The Stats Guy: When talking migration, you need to look beyond the hype migrants are

Before we tinker with migration, we need to understand who is coming to Australia.

Before we tinker with migration, we need to understand who is coming to Australia. Photo: TND/Getty

Last week I argued that any plausible Australian government will continue the current high migration approach. Today we will explore the basic makeup of migrants coming into Australia to gain a deeper understanding of the topic.

What did an average year of migration into Australia look like in the last decade? Let’s not worry about the country of origin for today and focus only on the type of visa that migrants have when arriving in Australia.

News stories tend to only report net overseas migration numbers. A typical non-pandemic year sees more people coming into the Australia than people leaving the country.

Australia tends to record positive net migration. As a rule of thumb, two thirds of national population growth come from net overseas migration and one third comes from natural increase (more births than deaths).

The commonly reported net migration numbers of around 215,000 new migrants per year underplay the large number of arrivals.

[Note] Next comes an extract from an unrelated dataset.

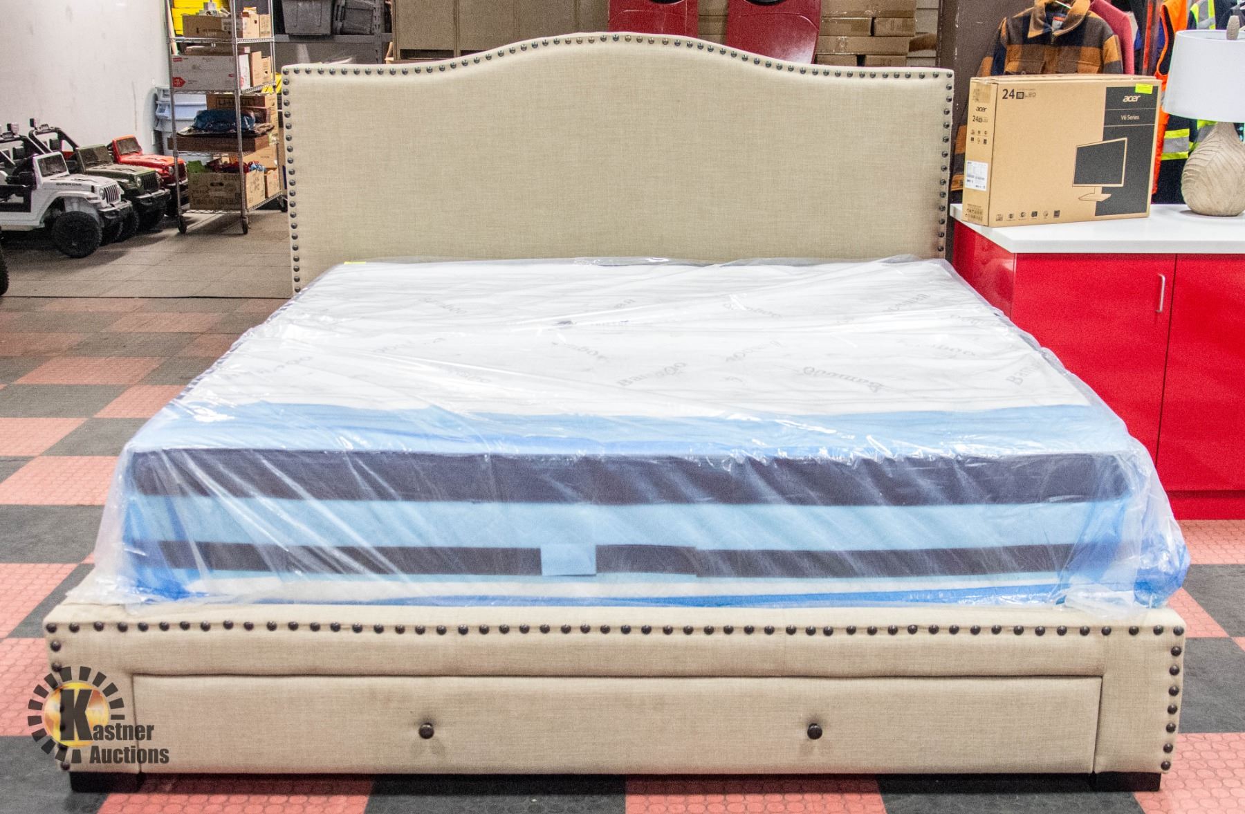 SIDE RAILS AND LARGE ROLL-OUT DRAWER AT FOOT OF BED - BED FRAME WITH DUAL METAL BRACES FOR SLATS, LIGHT BROWN FABRIC WITH NAILHEAD ACCENT (88"L X 83"W X 55"H - TOP OF HEADBOARD) **MATTRESS IS NOT INCLUDED- SOLD SEPARATELY*** **ALL ITEMS MUST BE REMOVED BY 5PM SATURDAY, JULY 1ST 2023. ALL REMAINING ITEMS WILL BE SUBJECT TO A $6.00 PER DAY STORAGE CHARGE. ANY ITEMS REMAINING AFTER MONDAY, JULY 17TH, 2023 WILL BE CONSIDERED FORFEITED. NO REFUNDS WILL BE ISSUED FOR FORFEITED ITEMS. TO SCHEDULE A PICK UP APPOINTMENT CLICK HERE

On average in the last decade 485,000 people came to Australia from overseas every year. About 270,000 people made the move into the opposite direction, resulting in the net growth of 215,000 migrants.

The chart below tells the story quite nicely. The line on the bottom shows the number of people leaving Australia. The line on top was spoken about a lot last year. It shows overseas arrivals rose slowly throughout the 2010s, took a nosedive during the pandemic, just to reach a record high of 737,000 in the 2022/23 financial year.

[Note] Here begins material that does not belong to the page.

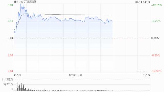 叮當(dāng)健康(09886)午盤上漲6.17%,報3.44港元,成交額5195.032萬港元。

That spike was often discussed in very polemic terms. We are mad for allowing so many migrants into the country especially in times of a national housing shortage, it was claimed.

If we average out migrant arrivals and compare the four years since the pandemic with the four years prior (see the dotted lines), we realise that we take in fewer migrants now (454,000) than in the past (527,000).

So why did 2022/23 see such extraordinarily high migrant arrivals? Compared to the last full year of pre-pandemic data (2018/19) an additional 187,000 people arrived in 2022/23 (550,000 vs 737,000). We even took in seven per cent fewer permanent migrants. The growth was almost exclusively driven by pent-up demand for international education.

The student influx

We handed out 118,000 more student visas than before the pandemic. There was also a special type of bridging visa that was introduced during the pandemic that allowed temporary visa holders to prolong their stay. This visa accounted for roughly 33,000 additional migrants in Australia in 2022/23 (mostly students) and has now been discontinued.

These temporary students will leave Australia eventually and will show up as a spike in the bottom line in the chart above.

We already know that the migration intake will be lower in the coming years, as educational institutions are forced to strengthen their efforts to only enrol genuine students.

Now let’s explore who arrives in Australia in an average year during the last decade. Tourists are not included in this data. We might forget that Australian citizens are also counted in the migration data.

About 15 per cent of the migration intake each year are actually Australians returning home after a stint abroad. Another six per cent of the migration intake are Kiwis who are allowed to use Australia as their West Island and can essentially come and go as they please.

Together, Aussies and Kiwis make up 21 per cent (104,000) of our annual migration intake. Anyone thinking about slowing migration can’t possibly reduce this part of the intake.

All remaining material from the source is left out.